Opini

Fatherhood, Perserikatan Bapack-Bapack

Oleh: Temposo Tebor*

Tidak ada yang lebih keren di dunia ini selain menjadi bapak-bapak atau enak disebutnya bapack bapack. Ngasih makan ikan, ayam atau kucing saja terasa menyenangkan. Apalagi mengasih makan anak manusia, dan itu anak sendiri.

Sepertinya menjadi bapack-bapack, adalah super saiya-nya lelaki. Bisa kentut sembarangan, bisa buncit dan pakai kaos ketat, bisa pakai sendal ke undangan. Bisa merokok sembarangan walau ada tulisan dilarang merokok, bisa nongkrong sambil ngopi membicarakan kepentingan bangsa dan negara, atau curhat tentang nilai tensi darah dan kolesterol yang baru habis di cek.

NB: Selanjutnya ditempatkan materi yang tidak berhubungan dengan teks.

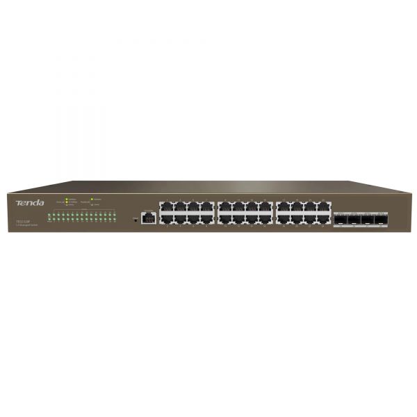 TEG5328F — управляемый коммутатор Tenda третьего уровня. Для обеспечения высокопроизводительного доступа коммутатор оснащен 24 портами Base-T Ethernet 10/100/1000 Мбит/с и 4 отдельными портами Base-X SFP 1000 Мбит/с. Благодаря инновационной аппаратной структуре и программной платформе, он обладает высокой вычислительной мощностью и комплексным механизмом защиты, что упрощает управление и обслуживание, полностью удовлетворяя требованиям к доступу с высокой плотностью пользователей и высокопроизводительной агрегации. Идеально подходит для уровня агрегации или уровня ядра сетей среднего и крупного размера, таких как корпоративные сети и кампусы.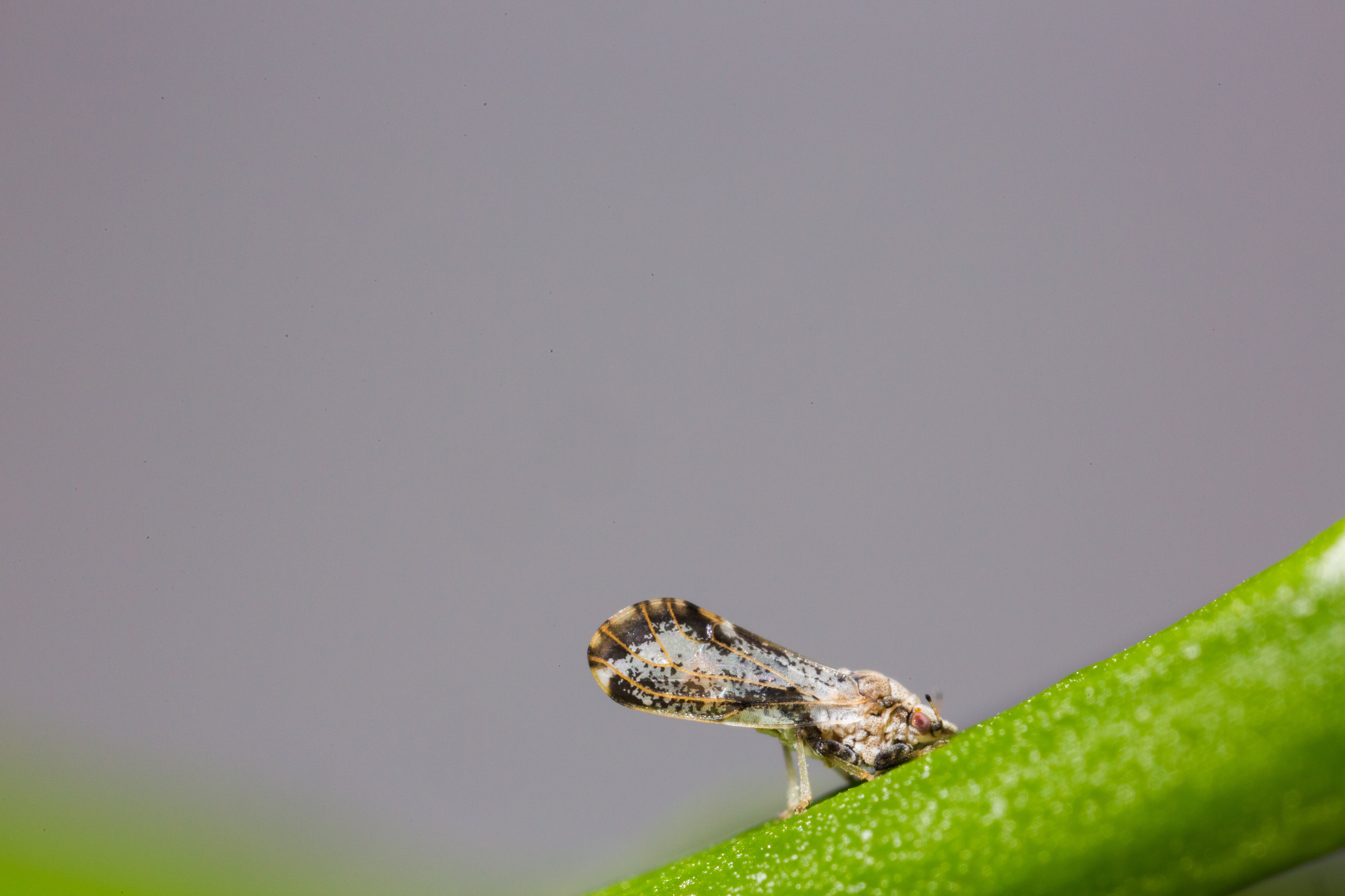 Adults. Adult ACP are small, ~ 4 mm long, with a mottled gray body covered with white waxy secretions and pale brown antennae with black tips (Figs. 1 & 3f) (Hall et al. 2013). After the last nymphal molt, adults are at first pale brown-gray, but soon darken (Grafton-Cardwell et al. 2013). The distinctively patterned forewings of D. citri are broadest at the back (Figs. 1 & 3f). Adult D. citrifeed on phloem plant tissue, primarily on the underside of citrus leaves or new growth. When feeding, adult ACP hold their bodies in a characteristic head down-tail up posture, which is achieved by resting on the “elbows” of bent front legs which creates ~45o angle with the plant (Figs. 1 & 3f) (Hall et al. 2013). In the field, adult ACP can be found on citrus via visual inspection of new flush, tap sampling or by captures on yellow sticky cards (Fig. 5[I5] ).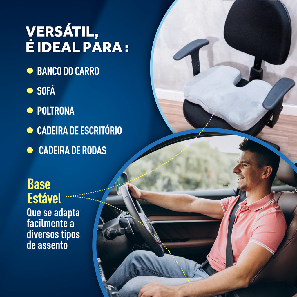 Chega de dores e desconfortos após passar muitas horas sentado! A Almofada Cóccix Gel foi especialmente desenvolvida para proporcionar mais comodidade ao sentar-se, tirando a pressão da região do cóccix. Versátil, pode ser colocada de forma estável sobre diversos tipos de assentos, como: banco do carro, sofá, poltrona, cadeira de escritório e cadeira de rodas. Com design anatômico, possui um recorte na parte traseira que evita a pressão na região do cóccix, proporcionando alívio para dores e tensões. A tecnologia Cool Gel, mantém a temperatura do corpo fresca e calma. Feita em visco elástico, é a combinação perfeita entre o conforto da espuma com memória, que evita deformações, e o frescor da camada de gel. Durável, leve e portátil, é o produto ideal para tornar mais agradáveis os longos períodos sentado, ajudando, inclusive, na correção da postura. BENEFÍCIOS DO ASSENTO ORTOPÉDICO CÓCCIX GEL DR. COLUNA - Traz conforto e alívio de dores para quem dirige longas distâncias, trabalha muitas horas sentado, quer evitar feridas de pressão ou está em pós-operatório ou pós-parto; - Proporciona bem-estar para cadeirantes; - Ajuda a reduzir o calor do corpo, mantendo a temperatura fresca e calma através da tecnologia COOL GEL; - Auxilia na correção da postura. VANTAGENS DESTE PRODUTO Composição que une qualidade e tecnologia; Versátil: pode ser colocada de forma estável sobre diferentes tipos de assento; Portátil e fácil de carregar para usar onde quiser; Durável; Fácil de limpar: basta usar um pano seco para remover qualquer poeira; Possui capa removível e lavável. COMO UTILIZAR: - Escolha o local para colocar a almofada: sobre banco do carro, cadeira de escritório, poltrona, sofá, cadeira de rodas etc.; - Posicione a face aveludada virada para cima e com o recorte voltado para a parte traseira; - Sua almofada está pronta para ser utilizada pelo tempo que desejar! CARACTERÍSTICAS GERAIS DO PRODUTO: Dimensões: 45 x 35 x 7 cm Densidade da Espuma: 45D Interior: 71% Espuma Viscoelástica + 29% Gel Peso do produto: 0,75 kg Garantia: 1 ano Conteúdo da embalagem: 1 almofada e 1 manual do usuário

Sahabat terdekat bapack-bapack umur 20-an adalah gadget, game, kopi dan seterusnya. Sahabat dekat bapack-bapack umur 30-an adalah sakit pinggang, tekanan darah tinggi dan kolesterol. Sedang untuk bapack-bapack umur 40-an adalah sajadah dan tasbih.

Menjadi seorang suami bukan suatu hal yang membanggakan, tapi menjadi seorang bapack bapack adalah tingkatan ultimate bagi kaum lelaki. Apalagi kalo sudah mereka berserikat dan berkumpul. Ibu-ibu mungkin bisa curhat masalah rumah tangga bersama ibu-ibu lain, sedangkan bapack-bapack tidak bisa.

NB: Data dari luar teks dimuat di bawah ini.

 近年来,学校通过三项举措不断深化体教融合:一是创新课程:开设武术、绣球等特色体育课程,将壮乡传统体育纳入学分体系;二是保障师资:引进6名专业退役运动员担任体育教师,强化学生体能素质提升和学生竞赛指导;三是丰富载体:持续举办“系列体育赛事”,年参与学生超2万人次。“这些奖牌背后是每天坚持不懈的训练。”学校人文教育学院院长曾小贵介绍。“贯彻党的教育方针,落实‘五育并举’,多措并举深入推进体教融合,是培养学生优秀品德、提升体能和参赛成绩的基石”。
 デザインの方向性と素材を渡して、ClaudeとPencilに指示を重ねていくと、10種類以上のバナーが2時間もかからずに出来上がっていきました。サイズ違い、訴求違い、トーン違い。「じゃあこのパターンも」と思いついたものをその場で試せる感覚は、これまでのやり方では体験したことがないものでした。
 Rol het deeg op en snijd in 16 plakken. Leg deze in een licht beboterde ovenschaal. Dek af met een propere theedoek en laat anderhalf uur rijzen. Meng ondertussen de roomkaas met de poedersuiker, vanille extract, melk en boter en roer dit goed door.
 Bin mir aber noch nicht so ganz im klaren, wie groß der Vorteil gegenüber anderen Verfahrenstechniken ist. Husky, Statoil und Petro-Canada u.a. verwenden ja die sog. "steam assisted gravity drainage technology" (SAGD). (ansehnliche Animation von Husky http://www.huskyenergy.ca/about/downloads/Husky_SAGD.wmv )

Mungkin saja hal tersebut yang mengakibatkan tensi bapack bapack selalu tidak normal. Karena hal tersebut bapack- bapack mulai pelihara binatang, menanam bunga dan sebagai macam hobi lainnya. Ada yang ngajak ngomong burung, ngajak ngomong bonsai, ngajak ngomong vespa tuanya, hal ini tidak lain adalah bentuk curahan hati para bapack-bapack. Dan disaat itu pula biasanya para istrinya ngambek sehingga tekanan darah bapack- bapack kembali meninggi.

Lain lagi soal anak-anak yang mulai bandel. Anak itu lucunya hanya sampai umur 5 tahun, setelah itu sudah tidak lucu lagi. Sudah mulai aneh aneh dan susah di kontrol. Anak mulai hilang lucunya kalo sudah mulai bisa minta uang atau barang. Nggak dibelikan bisa gulung gulung. Ini yang saya sering liat di swalayan bulan maret di bagian kasir. Biasalah mau jajanan yang ada joy-nya itu.

Baca juga:  Menghidupkan Kembali PERTANU

Semalam, saya dan beberapa teman yang mempunyai jabatan penting di kota ini bertemu pandang. Awalnya tentu saja membicarakan urgensi kepentingan anak bangsa. Lalu ke masalah penyakit yang di derita dan pada akhirnya menceritakan anak masing-masing.

Saya pun menceritakan sebagaimana inginnya puteri saya yang pertama menjadi seorang penyanyi, namun suaranya tidak seperti layaknya seorang penyanyi. Walaupun begitu akan saya wujudkan cita-citanya. Toh banyak penyanyi di negeri ini yang suaranya juga nggak bagus.

Teman saya yang satu menceritakan bagaimana anaknya membuang HP-nya karena kesal kalah dalam main game. Ya… cita-citanya mau jadi gamer.

Bapack-bapack paling tau menghadapi situasi macam ini, sedangkan ibu-ibu biasanya lebih selow. Pengalaman bapack- bapack bisa menuntun anak anaknya menjadi apa yang mereka inginkan. Karena memang biasanya anak anak ingin seperti bapacknya.

Saya pun mulai menjaga kesehatan dan berolahraga, biar nanti kalo diajak duel sama anak saya masih bisa ngelawan. Kalo saya kalah kan nanti dia durhaka, kalo saya menang kan itu wajar. Seperti kata seorang komedian, “Banyak anak itu banyak rejeki, yang harus dicari lagi”.

NB: Penulis merupakan vokalis yang bercita-cita jadi masinis, namun dihajar kenyataan jadi Bankir yang optimis di West Kutai.